Kepada adik-adik tingkatnya yang masih berjuang di bangku kuliah, Siti membagikan resep sederhana yang ia jalani selama bertahun-tahun: disiplin masuk kelas tepat waktu, mencatat setiap materi, tidak membolos, dan tidak segan bertanya kepada dosen begitu ada hal yang membingungkan.
“Semoga mahasiswa IAIN yang masih kuliah tetap semangat kuliahnya, dan jangan disia-siakan dunia perkuliahan ini. Belajarnya lebih rajin, kalau misalnya ada tugas jangan lupa dikerjakan dan tidak ditunda-tunda,” pesannya, menutup obrolan singkat pagi itu.
Satu Bab Selesai, Bab Baru Dimulai
Matahari semakin tinggi ketika prosesi wisuda usai. Toga-toga yang tadi pagi masih terasa asing di pundak kini menjadi bukti sah bahwa satu perjalanan panjang telah tuntas.

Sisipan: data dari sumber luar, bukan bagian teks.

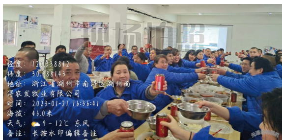
江南道大区-南浔场

Namun seperti yang diingatkan Rektor Wajidi di awal acara, hari itu bukan garis akhir, ia hanyalah satu titik dalam sejarah panjang yang masih akan terus ditulis, baik oleh 580 wisudawan yang kini melangkah keluar dari gerbang kampus, maupun oleh IAIN Pontianak sendiri yang tengah bersiap menyongsong wajah barunya sebagai UIN.